Anyway, I got back to Philly at 5am, and Amy could've gotten to DC much faster on the train. But, let me tell you, the traffic is A LOT better between 3 and 4am!
Like I said, since then, we've just been at home organizing, cleaning, building furniture. And, watching the Olympics. It's been pretty fun to be on vacation while the Olympics are on. There's a twelve hour time difference, so at night starting at 8pm you can watch live. You can watch reruns from overnight during the day though, on channels like MSNBC. Thank goodness for that because at night, all they show is swimming, gymnastics, and volleyball. I guess these are sports where the Americans are expected to do quite well so they think they'll appeal most to viewers... but after a week I'm a little tired of them.
The best event I watched so far was a rerun of whitewater kayaking (did you even know that was a sport? they play in on a man-made course in Beijing!) where the Americans weren't even competing. I was cheering for the guy from Togo and he won the silver medal, his country's first Olympic medal ever! That's exciting. And, Glen and I watched Poland vs.... (I can't remember) play Handball... which is like soccer except with your hands. It kind of looks like lacrosse without sticks or basketball without dribbling. The players don't wear any pads but they're constantly knocking each other on the gym floor. Craziness! We couldn't really discern any rules. We also watched some fencing but I really have no idea what's going on when I watch that.
So, last night I was very excited to see that track and field had finally started! Something to freshen up our evenings. An American girl got the bronze in the 10,000 meters, only the third time for an American to place in that event. I also saw pieces of reruns from the women's septathalon -- it's fun to see all the crazy things they make one person do. I hope that when the basketball tournament gets closer to the finals that they'll move those games into prime time. They've been playing them at 7pm Beijing time, 7am our time and we haven't been able to catch any reruns.
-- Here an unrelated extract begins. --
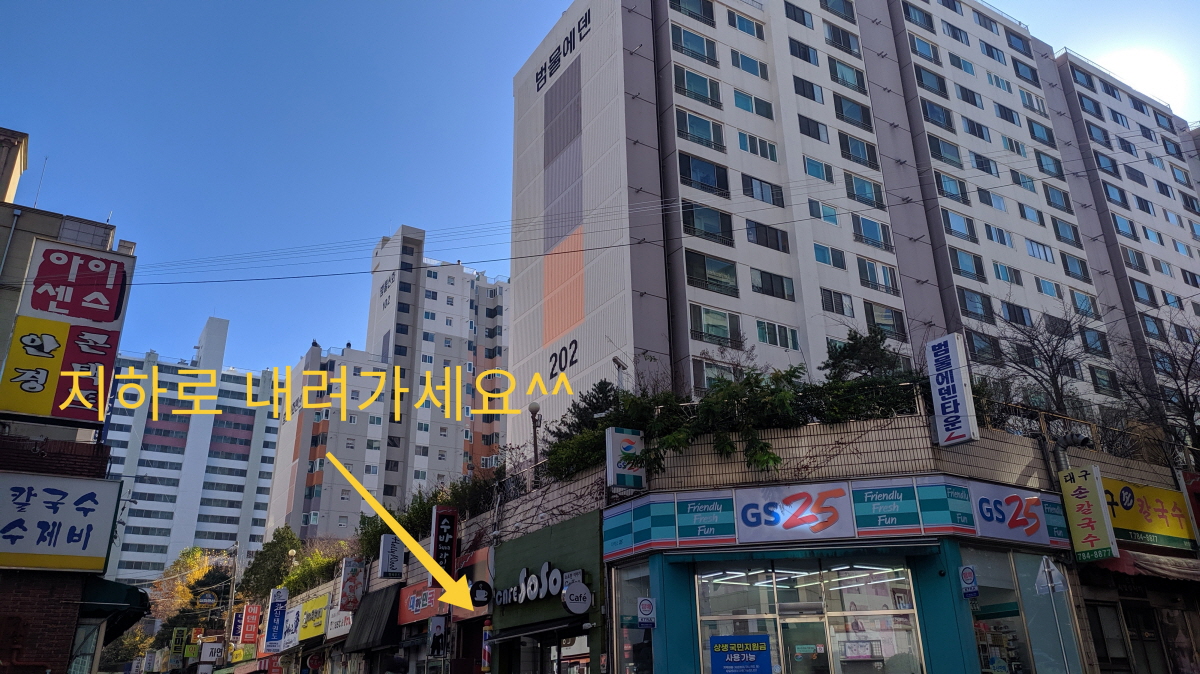 GS25 편의점을 기준으로 왼쪽으로 5m 올라가면 수바 라이브라는 간판이 보인다. 지하로 내려가는 계단으로 내려가면 에덴 실비 이용소를 만날 수 있다.

And before we say goodbye to swimming, we've got one more Phelps race. Last night was amazing!! I hope you watched. He was going to lose and then somehow moved his arms faster than the speed of light during his last stroke and touched 0.01 before the other guy. And afterwards, he always seems truly humble about it and gives comments to the interviewers that make you actually like him. So, I don't mind the emphasis on him... I could just do with a couple fewer montages of clips set to moving music.
That's the end of the Alyson Olympics Digest. I think I rambled about that because as soon as I finish this I'm going to go read for my Psych rotation that starts on Monday, and I am absolutely freaked out about that. "It'll be fine" -- I know, I know. But I took an entire year off of med school and you can't imagine how out of the groove I feel. I don't know how much I'll be writing once that starts so, adios for the time being and wish me luck!